Your reply must hold the lines from the one containing "Confident 50-Year-Old Woman" to the end of the entries, copied exactly, with pictures excluded.
Material provided START
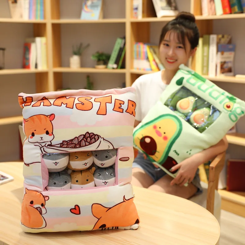 50cm Plushie Bag Pudding Toys Mini Animals Doll Sakura Bunny Hamster Penguin Avocado Strawberr Soft Plush Cushion Kid Girl Gift
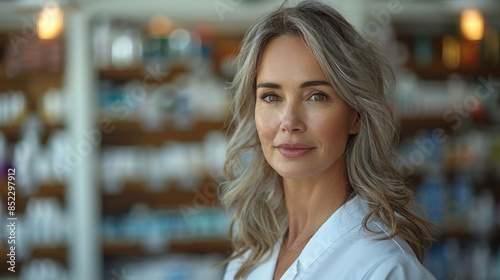 Confident 50-Year-Old Woman Picking Up Prescription at Pharmacy - Realistic Scene of Beautiful Female Getting Medication
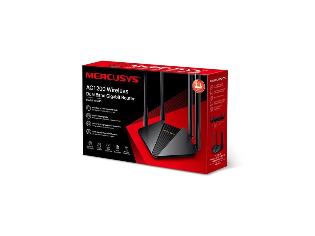AC1200 Dual-Band Wi-Fi Gigabit Router SPEED: 300 Mbps at 2.4 GHz + 867 Mbps at 5 GHz SPEC: 4× Fixed External Antennas, MR30G
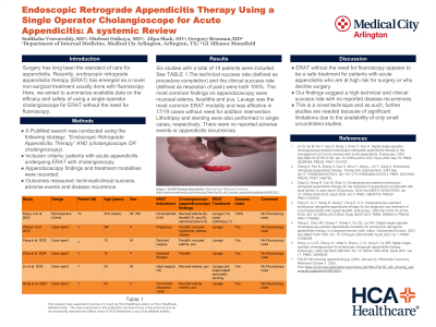 Introduction: Surgery has long been the standard of care for appendicitis. Recently, endoscopic retrograde appendicitis therapy (ERAT) has emerged as a novel non-surgical treatment usually done with fluoroscopy. Here, we aimed to summarize available data on the efficacy and safety of using a single-operator cholangioscope for ERAT without the need for fluoroscopy.
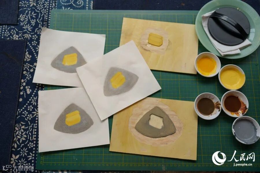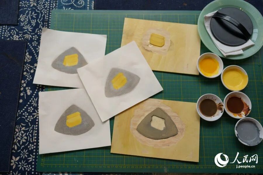 刷り上げた作品と版木(撮影・張若涵)。
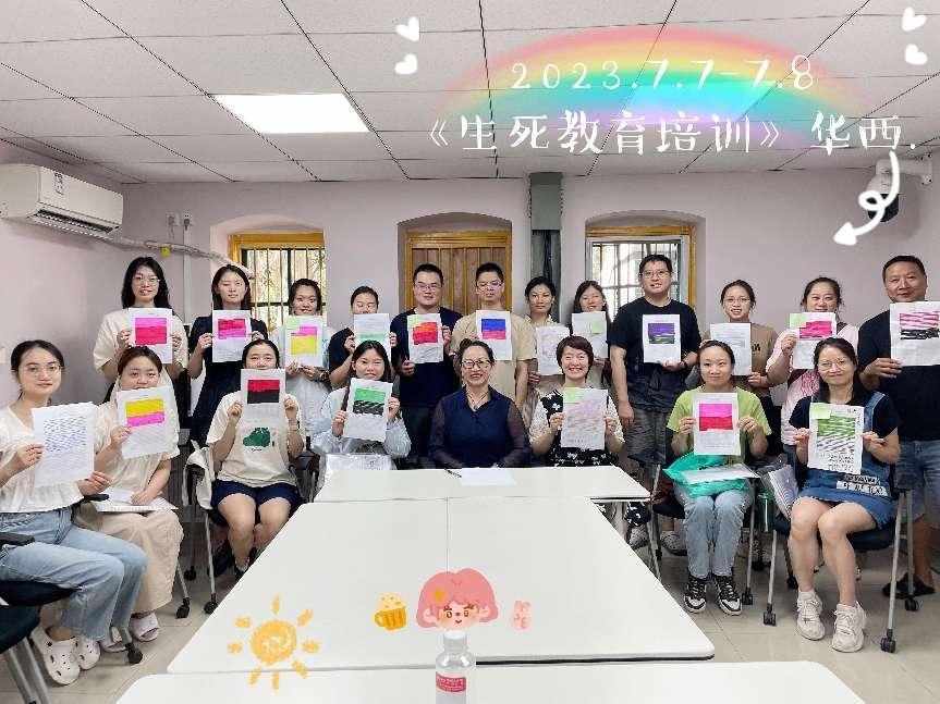 培训次日,来自我院校友—澳门镜湖护理学院的朱明霞教授主讲了《医者如何面对无法挽回的生命》,再次阐述了当医护人员面对无法避免的死亡时应持有的态度,并通过图画“生命格子”的方式帮助个人回顾和反思自己的人生,记录重要的经历和成长,以及制定未来的目标和计划。授课结束后进入“死亡体验与感悟”工作坊环节,参培者被分成五小组,分别由五位生死教育专家来进行组织和带领。他们通过案例模拟死亡场景,身临其境地体验了死者及家属之间的角色沟通和情感支持的挑战。最后,在指导专家的帮助下,学员们积极分享自己当下的体会,宣泄自己的情感。生死教育讲的是生命的价值和意义,教会人们正确面对自我之死和他人之死。只有经历过死亡,才懂得尊重生命和体会亲情。这一工作坊的实践体验进一步加深了参培人员对生死教育的理解和应用能力。
Material provided END
◆ **Answer to this exercise**
 Confident 50-Year-Old Woman Picking Up Prescription at Pharmacy - Realistic Scene of Beautiful Female Getting Medication
AC1200 Dual-Band Wi-Fi Gigabit Router SPEED: 300 Mbps at 2.4 GHz + 867 Mbps at 5 GHz SPEC: 4× Fixed External Antennas, MR30G
 Introduction: Surgery has long been the standard of care for appendicitis. Recently, endoscopic retrograde appendicitis therapy (ERAT) has emerged as a novel non-surgical treatment usually done with fluoroscopy. Here, we aimed to summarize available data on the efficacy and safety of using a single-operator cholangioscope for ERAT without the need for fluoroscopy.
 刷り上げた作品と版木(撮影・張若涵)。
 培训次日,来自我院校友—澳门镜湖护理学院的朱明霞教授主讲了《医者如何面对无法挽回的生命》,再次阐述了当医护人员面对无法避免的死亡时应持有的态度,并通过图画“生命格子”的方式帮助个人回顾和反思自己的人生,记录重要的经历和成长,以及制定未来的目标和计划。授课结束后进入“死亡体验与感悟”工作坊环节,参培者被分成五小组,分别由五位生死教育专家来进行组织和带领。他们通过案例模拟死亡场景,身临其境地体验了死者及家属之间的角色沟通和情感支持的挑战。最后,在指导专家的帮助下,学员们积极分享自己当下的体会,宣泄自己的情感。生死教育讲的是生命的价值和意义,教会人们正确面对自我之死和他人之死。只有经历过死亡,才懂得尊重生命和体会亲情。这一工作坊的实践体验进一步加深了参培人员对生死教育的理解和应用能力。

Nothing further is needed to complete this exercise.